Note that this also works with 3. 9 is the lowest multiple of 3 that ends appropriately, so the multiplier is 1 and the operator is addition. In other words, add the last digit to the rest, and repeat; this is the traditional rule, expressed recursively.
Here Be Monsters
The explanation for why this works relies on some modular arithmetic. If you’d rather just say, “Hey, that’s neat” and move on, you’re excused from the table. If you’d like some dessert, hang out a bit longer.
First, let’s consider the case where the multiple of p ends in 9. That is, there is some multiple of p that can be expressed as \(10m + 9\). I wrote this formally above as \(10m + 9 \equiv 0 \mod p\).
What we want to know is if a given number n is a multiple of p. If n has more than one digit, we can write \(10a + b = n\). The question is whether \(10a + b \equiv 0 \mod p\). (For the rest of this discussion, all equivalence will be mod p.)
Let us then create a new value, \(a + (m + 1)b\). Our claim is that \(a + (m + 1)b \equiv 0\) when \(10a + b \equiv 0\). Note that \(10m \equiv -9\).

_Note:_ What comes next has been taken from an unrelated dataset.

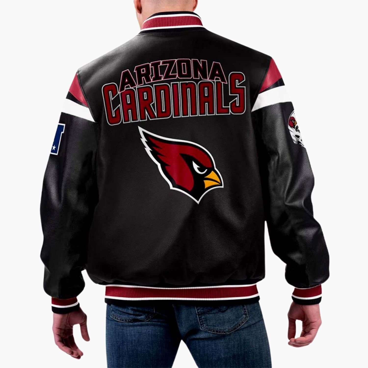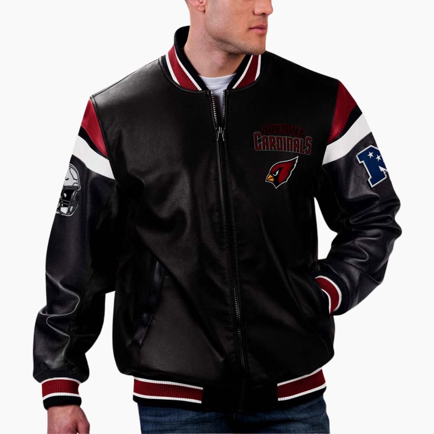 Ignite your passion for football with the NFL Arizona Cardinals Multicolor Varsity Leather Jacket, a premium piece of outerwear designed for those who demand excellence in their fan gear. This heavyweight bomber is a testament to superior craftsmanship, meticulously tailored from 100% premium genuine leather. The result is a jacket that offers a substantial, high-end feel and a resilient exterior that stands up to the elements while developing a unique character over time. While the primary color-blocked black design provides a sleek and modern aesthetic, the vibrant multicolor accents and iconic Cardinals details ensure your loyalty is visible from any distance. Inside, the jacket is finished with a soft viscose fabric lining, providing a smooth, breathable layer that ensures you stay comfortable from the first kickoff to the final whistle.

If a given number is equivalent to 0 in a particular modulus, then all multiples of that number are likewise equivalent. So \(10a + 10(m + 1)b \equiv 0\). In this case, \(10a + 10(m + 1)b \equiv 10a + b\) and therefore \(10mb + 10b \equiv b\). From here it follows that \(10mb \equiv -9b\). This is true when \(10m \equiv -9\), q.e.d.
Note that the converse is not necessarily true: We can’t use this method to determine how far off the original number is from being a multiple. 61712 is one more than 61711, but it yields 6179 in its first step, which is four more than 6175. This is because we’re multiplying one of the equivalences by 10; if \(a + (m + 1)b \equiv c\), then \(10a + 10(m + 1)b \equiv 10c\). \(10c \equiv c\) is only reliably true then \(c = 0\). Four times ten is forty, and \(40 \equiv 1 \mod 13\), so the mathematics works out.
Let’s now consider the case where the multiple of p ends in 1: \(10m + 1 \equiv 0\). We want to know if \(10a + b \equiv 0\), using \(a – mb \equiv 0\). Note that \(10m \equiv -1\).
So \(10a + b \equiv 10a – 10mb\) and \(b \equiv -10mb\). Dividing both sides by \(-b\) gives us \(-1 \equiv 10m\), q.e.d.
Hence, if \(a – mb\) or \(a + (m + 1)b\) is divisible by \(p\), so too will \(10a + b\) be.
To wrap up, let’s consider the case of 2 and 5. These work because of our base ten system; for other bases, other rules would be needed. Since \(n = 10a + b\) and \(10a \equiv 0\) for both \(p = 5\) and \(p = 2\), that means \(10a + b \equiv b\) for both \(p = 5\) and \(p = 2)\.